The Linux Kernel Mailing List
 help / color / mirror / Atom feed

* [PATCH v5 0/1] Subject: x86/resctrl: Fix task CLOSID update race
@ 2022-12-14 11:44 Peter Newman
  2022-12-14 11:44 ` [PATCH v5 1/1] x86/resctrl: Fix task CLOSID/RMID " Peter Newman
  0 siblings, 1 reply; 6+ messages in thread
From: Peter Newman @ 2022-12-14 11:44 UTC (permalink / raw)
  To: reinette.chatre, fenghua.yu
  Cc: bp, derkling, eranian, hpa, james.morse, jannh, kpsingh,
	linux-kernel, mingo, tglx, x86, Peter Newman

Hi Reinette, Fenghua,

Now that we know there is a full barrier in context switch and that
smp_mb() on every task in a group update isn't nearly as expensive as
task_call_func(), I can present you a much smaller fix.

The diffs are small enough to go down to a single patch. The changelogs
are not much simpler, but hopefully this isn't as big of a concern.

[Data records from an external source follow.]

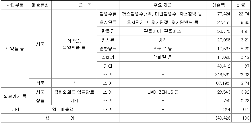 지배기업인 연결실체는 제공하는 재화나 용역에 근거하여 영업부문을 구분하고 각 부문의 재무정보를 내부관리 목적으로 활용하고 있는 바, 당사는 제약업, 의료기기 제조 및 판매업, 기타금융업을 운영하고 있습니다. 영위하는 영업부문 중 기타금융업의 경우 중요성의 관점에서 비중이 크지 않습니다.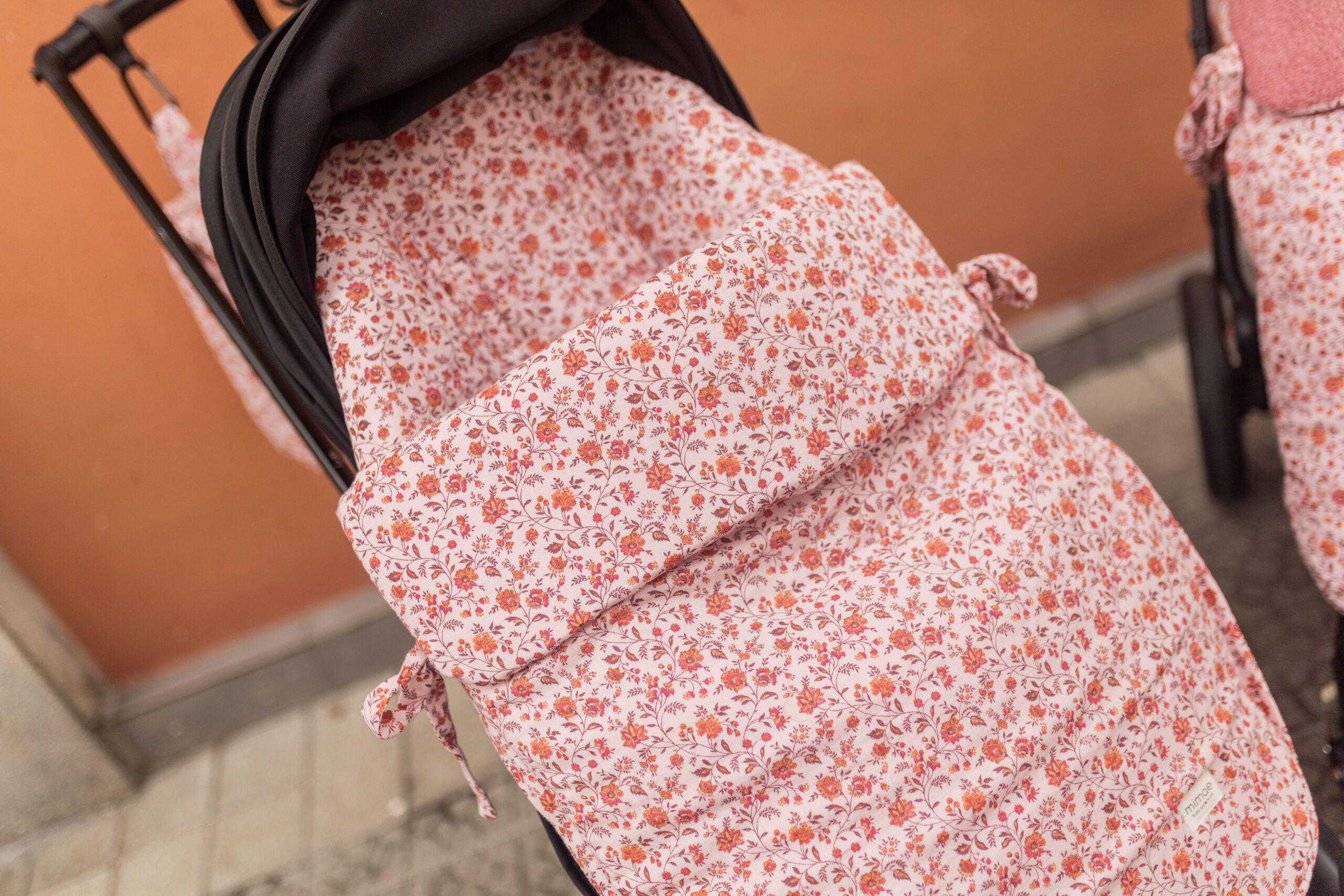 Saco universal para silla de paseo. Acolchado con una guata efecto pluma, el saco es totalmente extraíble mediante 2 cremalleras, para que pueda usarse como colchoneta los meses más cálidos. Parte trasera en Maya 3D, un tejido acolchado y transpirable. Agarre mediante gomas, vueltas y lazos. Confeccionado en tejido Flora.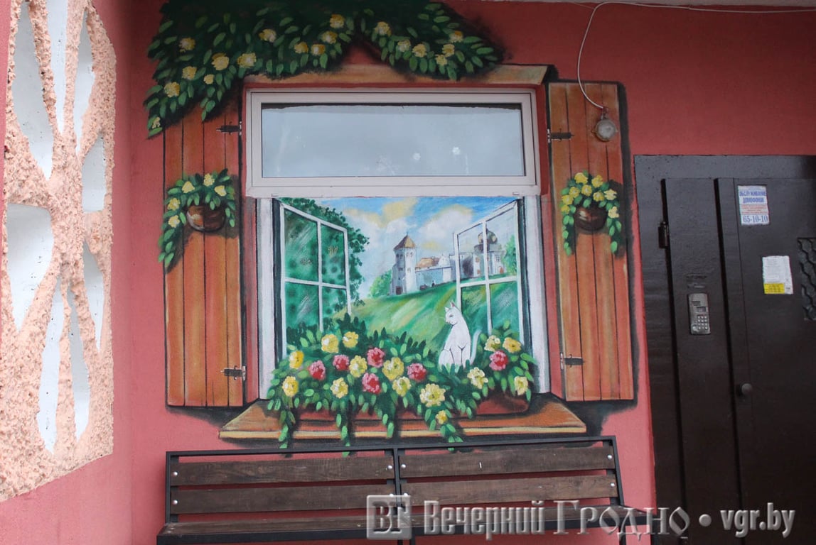 В итоге красочные работы появились на подъездах домов №8, №10, №22, №46 и №48. Птицы, букеты цветов, вечерний город, окно с видом на драмтеатр и Старый замок появились на обычных стенах. Невозможно пройти и не заметить яркие рисунки.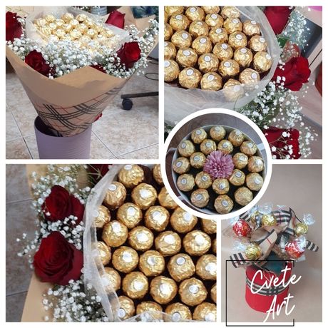 Уникална комбинация от нежност и вкус – нашите букети съчетават изяществото на ръчно изработени цветя с апетитната сладост на бонбони. Перфектни за подарък, изненада или специален повод, те носят радост, стил и лично послание. Всеки букет може да бъде персонализиран според предпочитанията – цветове, видове бонбони, послание или тематична декорация. За рожден ден, сватба, кръщене или просто за да зарадваш някого – това е подарък, който не се забравя.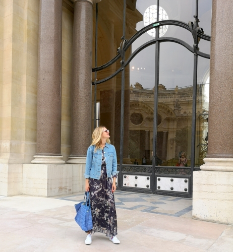 Robe Coachella Bande de Biches, lunettes Jimmy Fairly, sac Goyard, Rouge à Lèvres 'Joli Rouge Velvet 742' Clarins , baskets Céline shoppées à La Vallée Village, veste en jean Fam Jeans.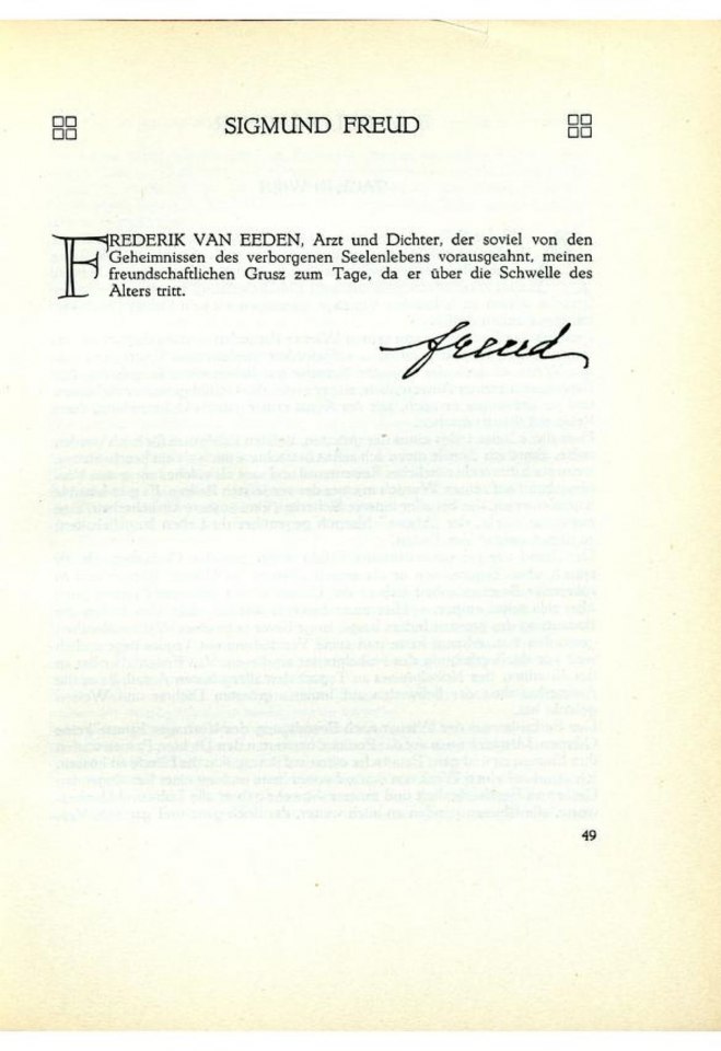 | Freud, Sigmund | 1930-052/1930 | 1930m | Sigmund Freud [für Frederik von Eeden] | Liber Amicorum. | 49 | Fertig ✔ | Fertig ✔ | Ganz fertig / zutreffend ✔ | Fertig ✔ | Fehlt ✖ | Fehlt ✖ | ✔ | EB | ✔ | |||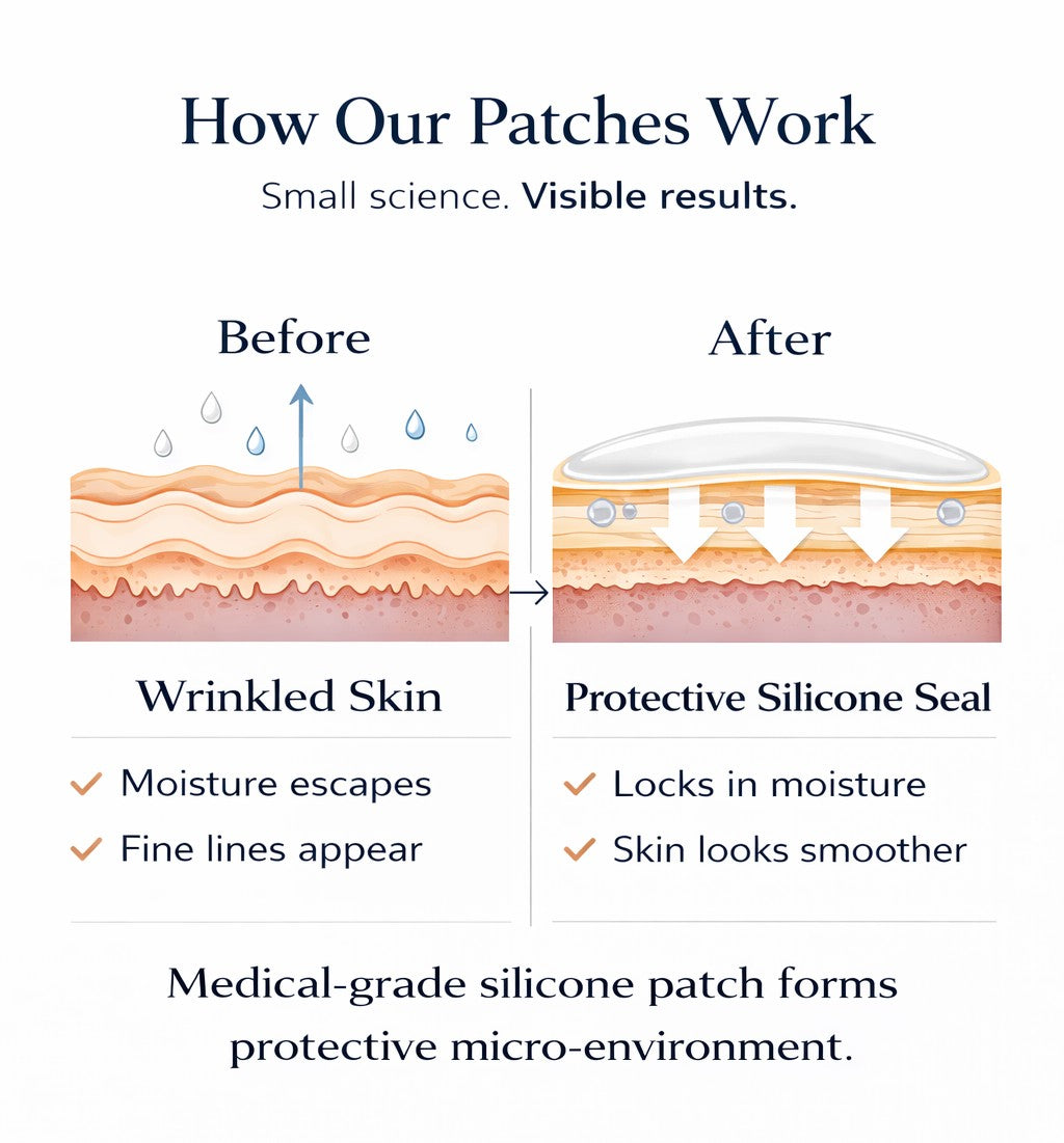 Zuvelle Anti Wrinkle Patches work by creating a microclimate that locks in moisture and oxygen, helping your skin naturally boost collagen production and elasticity. Made from medical grade silicone, the patches gently smooth the surface while hydrating deep layers of skin. This environment supports overnight repair so you wake up to visibly firmer, rejuvenated, and more radiant skin

This patch is different enough that I thought it necessary to remove
James's Reviewed-By.

Updates in v5:
 - Just put an smp_mb() between CLOSID/RMID stores and task_curr() calls
 - Add a diagram detailing the race to the changelog
Updates in v4:
 - Reorder the patches so that justification for sending more IPIs can
   reference the patch fixing __rdtgroup_move_task().
 - Correct tense of wording used in changelog and comments
Updates in v3:
 - Split the handling of multi-task and single-task operations into
   separate patches, now that they're handled differently.
 - Clarify justification in the commit message, including moving some of
   it out of inline code comment.
Updates in v2:
 - Following Reinette's suggestion: use task_call_func() for single
   task, IPI broadcast for group movements.
 - Rebased to v6.1-rc4

v1: https://lore.kernel.org/lkml/20221103141641.3055981-1-peternewman@google.com/
v2: https://lore.kernel.org/lkml/20221110135346.2209839-1-peternewman@google.com/
v3: https://lore.kernel.org/lkml/20221115141953.816851-1-peternewman@google.com/
v4: https://lore.kernel.org/lkml/20221129111055.953833-1-peternewman@google.com/

Thank you for your careful reviews and feedback so far.

-Peter

Peter Newman (1):
  x86/resctrl: Fix task CLOSID/RMID update race

 arch/x86/kernel/cpu/resctrl/rdtgroup.c | 12 +++++++++++-
 1 file changed, 11 insertions(+), 1 deletion(-)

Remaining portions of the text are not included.